セキュリティ対応の「マッスル メモリー」を強化するために、特にエンドポイントに関しては、生成 AI を使用して、攻撃者がどのようにエンドポイント、そのターゲット ポイント、および攻撃者が使用しようとする ID に侵入しようとするかを継続的に学習できます。 。

5. まったく新しいレベルへの最小特権アクセスの実現

生成 AI を適用して、ID、システム、時間の長さによってリソースへのアクセスを制限することは、最も強力なゼロトラスト AI です。強化されたユースケース。リソースと権限プロファイルに基づいて監査データを ChatGPT にクエリすると、システム管理者と SOC チームは毎年数千時間を節約できます。

最小権限アクセスの中核となるのは、古いアカウントを削除することです。 Ivanti の 2023 年セキュリティ準備状況レポートによると、企業の 45% が、元従業員や請負業者が依然として会社のシステムやファイルにアクティブにアクセスしているのではないかと疑っていることがわかりました。

Ivanti の最高製品責任者である Dr. Srinivas Mukkamala は、「大企業は、広範囲にわたるアクセスを許可するアプリケーション、プラットフォーム、サードパーティ サービスの広大なエコシステムを考慮していないことがよくあります。従業員の範囲を大きく超えています。

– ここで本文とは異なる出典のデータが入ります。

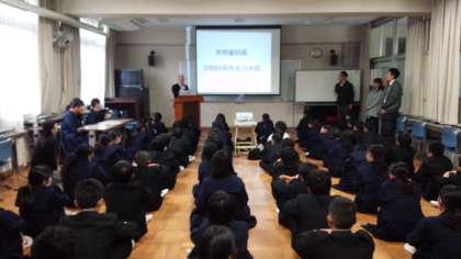 保健委員会代表生徒からの報告に続いて、学校歯科医の、河野 好昭 先生から、パワーポイントを使って、詳しくご講話をいただきました。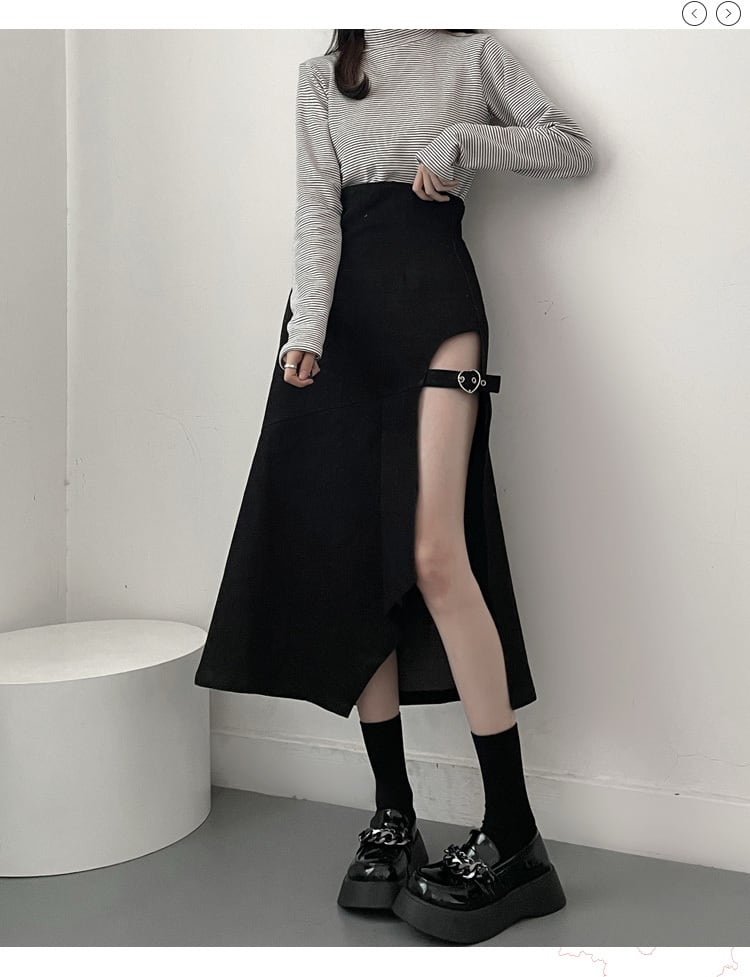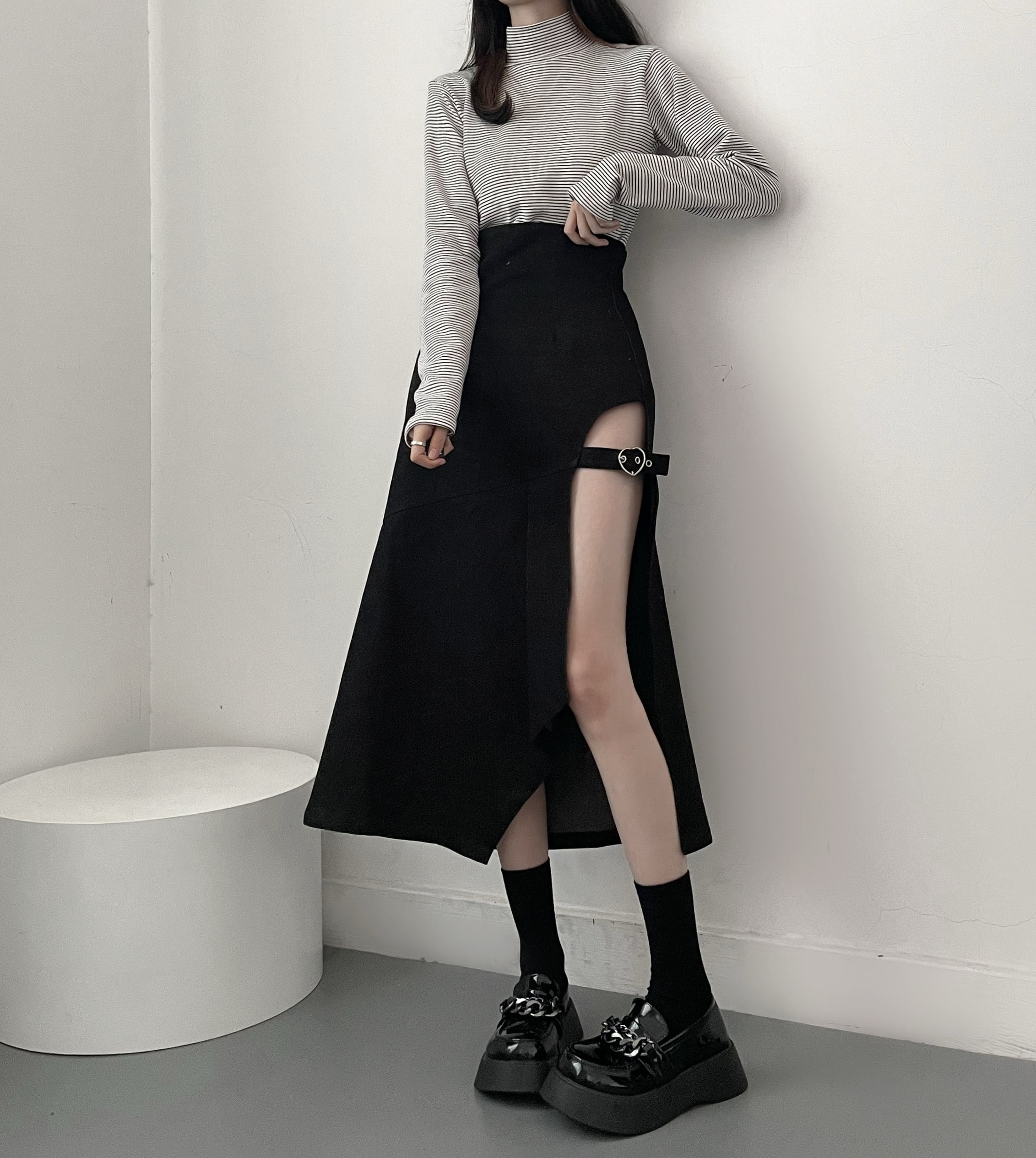 pinksaviorデニムイレギュラーラブアジャストボタンミドル丈マーメイドスカートハーフスカート PSTB81825064054

私たちはこれらを「ゾンビ認証情報」と呼んでいますが、驚くほど多くのセキュリティ専門家が、上層部の幹部であっても依然として前雇用主のシステムやデータにアクセスしています。」

6. 行動分析の微調整 、リスク スコアリング、およびセキュリティ ロールのリアルタイム調整

Generative AI と ChatGPT により、SOC アナリストとチームは、行動分析とリスク スコアリングによって発見された異常をより迅速に把握できるようになります。その後、潜在的な攻撃者が試みる横方向の動きを即座にブロックできます。リスク スコアのみを介して特権アクセスを定義することは時代遅れとなり、生成 AI はリクエストをコンテキストに組み込み、潜在的な脅威を特定するためにアルゴリズムにアラートを送信します。

7. オンライン詐欺の阻止に役立つリアルタイム分析、レポート、可視性の向上

最も成功しているゼロトラスト イニシアチブは、リアルタイム分析、レポート、およびレポートを集約してレポートするデータ統合に基づいて構築されています。視認性。企業はこのデータを使用して生成 AI モデルをトレーニングし、SOC の脅威ハンターやアナリストに前例のない洞察を提供できます。

攻撃者は攻撃のペースに追いつけない電子商取引システムを標的にするため、電子商取引詐欺を阻止するという点でその結果はすぐに測定可能です。 ChatGPT のアクセス履歴データを持っている脅威アナリストは、フラグが立てられたトランザクションが正当なものかどうかをすぐに知ることができます。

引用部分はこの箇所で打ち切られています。